Crónicas

Lá ao fundo, o sol!

Sim, a vida deixa-nos marcas, umas mais profundas outras nem tanto. Passamos todos por isso

Há tempos em que parece que o mundo nos calha nas mãos e outros em que parece desaparecer sem deixar rasto. Há dias em que a noite parece não acabar e outros em que nos dá a sensação de acordarmos com o sol no corpo. Há momentos em que adormecemos juntos e nos sentimos sozinhos ou mesmo sozinhos nos sentimos ligados a alguém. Há quem nos mate por dentro e quem nos dê vida e nos faça renascer. Quem nos queime os sonhos e todos os planos e quem nos ajude a construir outros, diferentes mas nem por isso menos especiais. São as circunstâncias da vida, que nos moldam e nos fazem aprender mas nem por isso, por muito que haja quem pense assim, nos tornamos peças em segunda mão, que vão para a prateleira dos usados e percam valor ou utilidade. Todos temos um passado, todos passámos por situações mágicas e tenebrosas e não é isso seguramente que nos define. O que nos define é a forma como a cada momento juntamos as pecinhas todas e reconstruímos de forma diferente. Sem olhar para trás. Se achas que perdeste 15 anos da tua vida pensa que podias ter perdido 20 se perdeste 20 talvez sem a tua força pudesses ter perdido 30.

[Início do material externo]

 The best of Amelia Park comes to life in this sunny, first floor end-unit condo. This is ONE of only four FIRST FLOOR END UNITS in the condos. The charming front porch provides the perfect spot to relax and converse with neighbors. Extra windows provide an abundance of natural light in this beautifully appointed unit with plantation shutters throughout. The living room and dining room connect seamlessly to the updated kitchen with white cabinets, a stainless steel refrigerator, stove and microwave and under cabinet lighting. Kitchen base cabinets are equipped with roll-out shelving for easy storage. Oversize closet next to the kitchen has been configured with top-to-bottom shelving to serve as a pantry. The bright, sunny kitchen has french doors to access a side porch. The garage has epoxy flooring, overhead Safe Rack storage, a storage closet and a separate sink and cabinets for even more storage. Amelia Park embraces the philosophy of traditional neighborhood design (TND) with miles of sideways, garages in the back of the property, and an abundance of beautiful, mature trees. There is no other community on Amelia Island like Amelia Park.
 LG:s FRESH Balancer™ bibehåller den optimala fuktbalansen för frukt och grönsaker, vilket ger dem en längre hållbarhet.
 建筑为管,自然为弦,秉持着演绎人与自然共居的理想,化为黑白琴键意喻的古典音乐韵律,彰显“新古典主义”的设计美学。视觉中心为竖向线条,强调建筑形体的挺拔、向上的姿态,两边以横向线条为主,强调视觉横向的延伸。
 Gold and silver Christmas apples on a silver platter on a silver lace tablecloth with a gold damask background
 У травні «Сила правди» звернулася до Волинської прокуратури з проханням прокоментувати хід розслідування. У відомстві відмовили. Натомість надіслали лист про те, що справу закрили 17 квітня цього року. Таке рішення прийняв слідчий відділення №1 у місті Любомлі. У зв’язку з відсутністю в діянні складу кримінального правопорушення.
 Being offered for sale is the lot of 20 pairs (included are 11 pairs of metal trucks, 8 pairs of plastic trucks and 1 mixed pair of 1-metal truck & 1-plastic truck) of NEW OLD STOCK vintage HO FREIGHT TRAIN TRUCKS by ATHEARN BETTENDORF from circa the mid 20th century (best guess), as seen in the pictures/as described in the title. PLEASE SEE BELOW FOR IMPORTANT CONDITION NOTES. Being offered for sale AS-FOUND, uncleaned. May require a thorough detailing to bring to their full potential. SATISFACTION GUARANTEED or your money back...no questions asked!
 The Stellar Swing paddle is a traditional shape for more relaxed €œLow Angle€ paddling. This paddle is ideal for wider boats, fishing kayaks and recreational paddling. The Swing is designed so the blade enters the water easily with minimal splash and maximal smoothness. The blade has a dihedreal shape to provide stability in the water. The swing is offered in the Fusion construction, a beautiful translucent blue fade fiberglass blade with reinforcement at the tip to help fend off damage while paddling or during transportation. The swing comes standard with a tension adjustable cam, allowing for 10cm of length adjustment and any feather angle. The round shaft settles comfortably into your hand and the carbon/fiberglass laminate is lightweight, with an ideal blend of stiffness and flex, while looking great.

Sim, a vida deixa-nos marcas, umas mais profundas outras nem tanto. Passamos todos por isso. O que conta é a capacidade de voltar a sonhar, de voltar a acreditar. Quando somos mais novos achamos que uma desilusão amorosa é o fim do mundo. Tudo acaba ali. Não há mais nada. Com o passar do tempo percebemos que tudo funciona de forma diferente. Mesmo assim, quantas são as vezes em que ficamos ali, presos a qualquer coisa, na esperança de acreditar no que não volta mais? Seja no trabalho ou nas relações pessoais, é cada vez mais difícil lidar com pessoas, com os seus fantasmas e medos, com a sua bipolaridade ou a sua segunda face. Quantas vezes não pensámos em desistir, que não valia a pena, que não existiam segundas oportunidades? Não há nada mais perigoso do que ficarmos aprisionados à falta de amor próprio. De acharmos que foi só uma vez e que tudo vai melhorar. A verdade é que lá ao fundo, depois de todas as tempestades, de um tempo que parece não acabar, de dias que parecem anos, lá bem ao fundo haverá sempre um sol.

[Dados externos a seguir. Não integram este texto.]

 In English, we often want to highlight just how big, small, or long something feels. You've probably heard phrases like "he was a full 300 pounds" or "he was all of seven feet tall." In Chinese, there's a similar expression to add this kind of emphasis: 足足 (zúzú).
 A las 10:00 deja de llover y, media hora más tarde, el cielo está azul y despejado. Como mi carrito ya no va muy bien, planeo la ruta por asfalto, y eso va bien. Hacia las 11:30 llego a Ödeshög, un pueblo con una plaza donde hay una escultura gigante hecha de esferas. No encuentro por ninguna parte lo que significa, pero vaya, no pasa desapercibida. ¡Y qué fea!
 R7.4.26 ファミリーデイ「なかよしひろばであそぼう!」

As vezes somos o que somos, outras vez sentimos que somos ninguém. Umas vezes percorremos estradas e lagos por alguém e outras só queremos que nos deixem em paz. Muitas vezes só queríamos alguém ali, outras desejamos ardentemente que ali não esteja ninguém. Há quem se envergonhe com o tempo que perdeu e quem se orgulhe do quanto ganhou. Há quem justifique sempre os fracassos com os outros e quem arranje sempre uma razão para tentar outra vez. A magia está em percebermos que o tempo não espera por nós. Que não temos que nos resignar com o pouco, achando que não há mais nada. O fim é um novo recomeço, a nova oportunidade, o novo desafio. A beleza da vida está em encontrarmos o espaço, o nosso espaço e a felicidade. As portas que se abrem, os momentos perfeitos que se constroem, as novas pessoas que se conhecem. Não há nada mais nobre do que conseguirmos fugir do que nos afunda, dos que nos diminuem e nos desiludem. É por isso que acredito em novos recomeços, em caminhos diferentes e em novas histórias.

Cada um de nós merece lutar por ser feliz e não aceitar menos do que isso. Mesmo que tudo nos mostre o contrário. Há sempre espaço para mudar o que não nos permite ser o que gostávamos de ser. Dou muito valor a quem larga tudo para procurar alguma coisa melhor. Acredito que no meio de tanta gente que não presta há também os que valem a pena, os que nos mostram outras cores, os que fazem sentido. É isso que temos que procurar. Os que nos mandam mensagem a dizer que se lembraram de nós só porque sim. Os que nos acompanham quando tudo corre mal, os que não nos deixam sozinhos quando precisamos de alguém. É essa cumplicidade, essa empatia que fica, mesmo que a paixão desapareça. Os que encontram outras formas de amar. Vejo por aí muita gente que desistiu de viver só porque acha que não há nada lá ao fundo. Mas lá ao fundo há o sol. E o sol é tudo o que cabe nos nossos sonhos, tudo o que sempre imaginámos, o que nos fez e faz correr atrás. Às vezes é preciso errar para acertar, é preciso sofrer para viver e é preciso lutar para encontrarmos o que faz sentido. Nunca deixem de o procurar.